What you write must be the listing below in full, word for word, minus its pictures.
[DATA BLOCK — start]
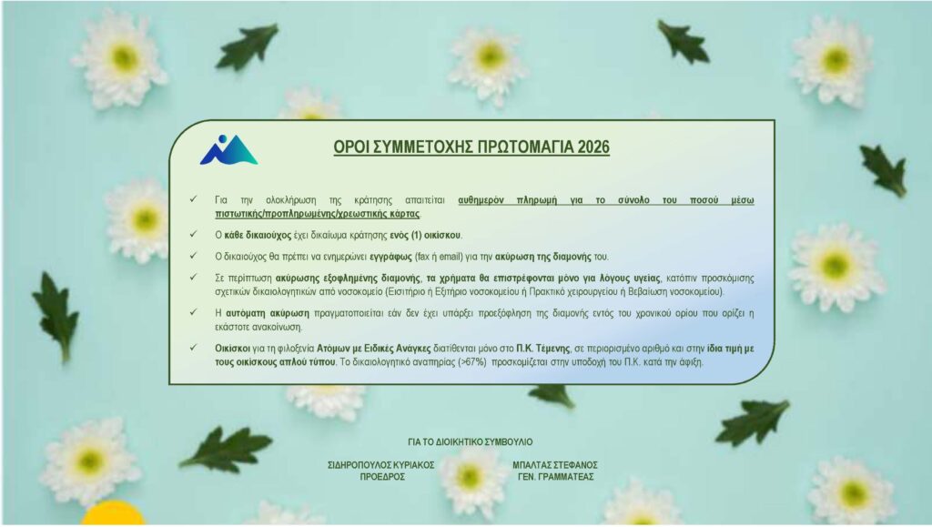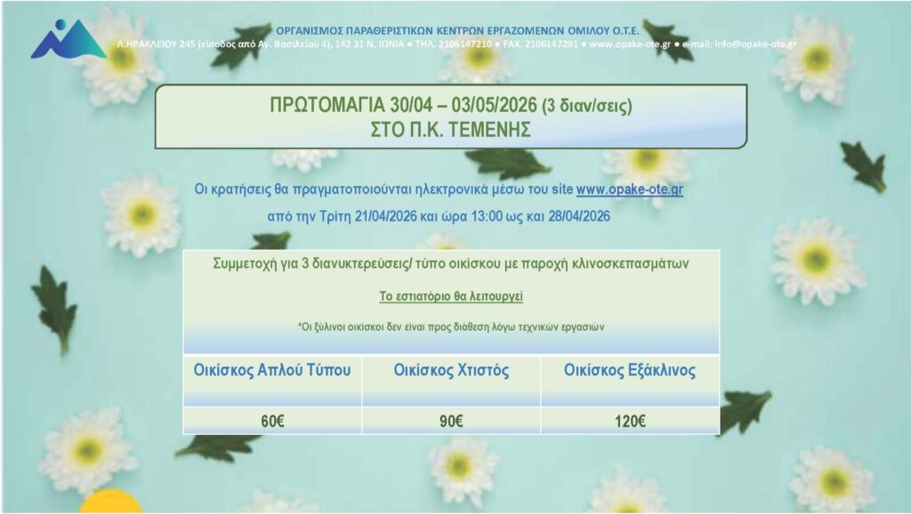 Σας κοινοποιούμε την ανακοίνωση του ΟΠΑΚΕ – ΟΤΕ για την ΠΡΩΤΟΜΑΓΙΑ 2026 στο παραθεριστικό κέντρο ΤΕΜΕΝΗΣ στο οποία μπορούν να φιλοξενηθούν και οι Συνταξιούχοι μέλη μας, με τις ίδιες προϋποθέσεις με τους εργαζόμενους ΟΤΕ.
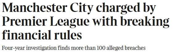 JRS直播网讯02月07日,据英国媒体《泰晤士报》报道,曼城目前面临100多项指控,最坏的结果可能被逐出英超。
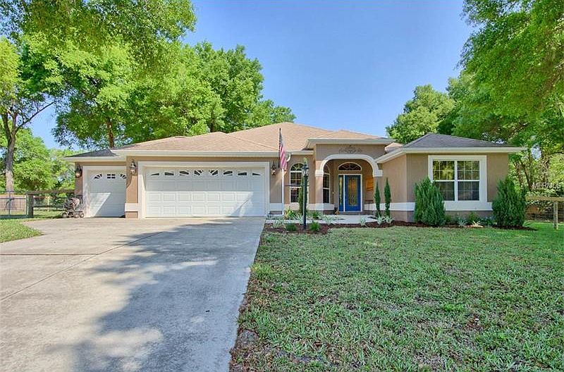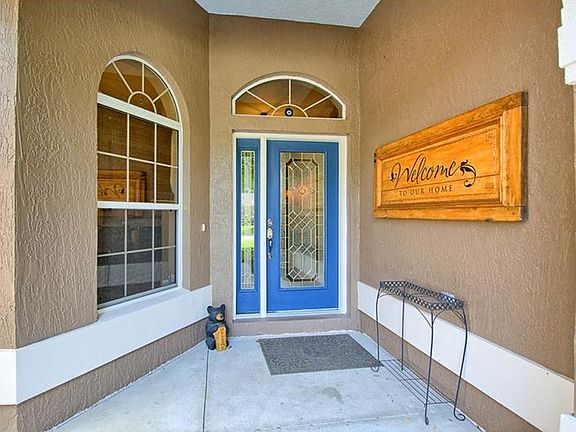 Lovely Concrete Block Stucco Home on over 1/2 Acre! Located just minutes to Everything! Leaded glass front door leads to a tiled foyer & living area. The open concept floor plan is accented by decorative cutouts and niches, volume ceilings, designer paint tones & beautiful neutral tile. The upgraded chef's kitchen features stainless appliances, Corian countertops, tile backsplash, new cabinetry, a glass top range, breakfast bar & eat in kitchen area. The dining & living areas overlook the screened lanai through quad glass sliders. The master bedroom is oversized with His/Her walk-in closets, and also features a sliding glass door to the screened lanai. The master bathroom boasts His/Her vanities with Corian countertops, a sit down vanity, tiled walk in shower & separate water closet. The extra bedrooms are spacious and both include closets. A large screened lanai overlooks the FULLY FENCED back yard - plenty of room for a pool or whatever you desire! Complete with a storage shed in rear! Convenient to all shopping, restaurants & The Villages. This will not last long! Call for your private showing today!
[DATA BLOCK — finish]
RESPONSE TO THE EXERCISE:
 Σας κοινοποιούμε την ανακοίνωση του ΟΠΑΚΕ – ΟΤΕ για την ΠΡΩΤΟΜΑΓΙΑ 2026 στο παραθεριστικό κέντρο ΤΕΜΕΝΗΣ στο οποία μπορούν να φιλοξενηθούν και οι Συνταξιούχοι μέλη μας, με τις ίδιες προϋποθέσεις με τους εργαζόμενους ΟΤΕ.
 JRS直播网讯02月07日,据英国媒体《泰晤士报》报道,曼城目前面临100多项指控,最坏的结果可能被逐出英超。
 Lovely Concrete Block Stucco Home on over 1/2 Acre! Located just minutes to Everything! Leaded glass front door leads to a tiled foyer & living area. The open concept floor plan is accented by decorative cutouts and niches, volume ceilings, designer paint tones & beautiful neutral tile. The upgraded chef's kitchen features stainless appliances, Corian countertops, tile backsplash, new cabinetry, a glass top range, breakfast bar & eat in kitchen area. The dining & living areas overlook the screened lanai through quad glass sliders. The master bedroom is oversized with His/Her walk-in closets, and also features a sliding glass door to the screened lanai. The master bathroom boasts His/Her vanities with Corian countertops, a sit down vanity, tiled walk in shower & separate water closet. The extra bedrooms are spacious and both include closets. A large screened lanai overlooks the FULLY FENCED back yard - plenty of room for a pool or whatever you desire! Complete with a storage shed in rear! Convenient to all shopping, restaurants & The Villages. This will not last long! Call for your private showing today!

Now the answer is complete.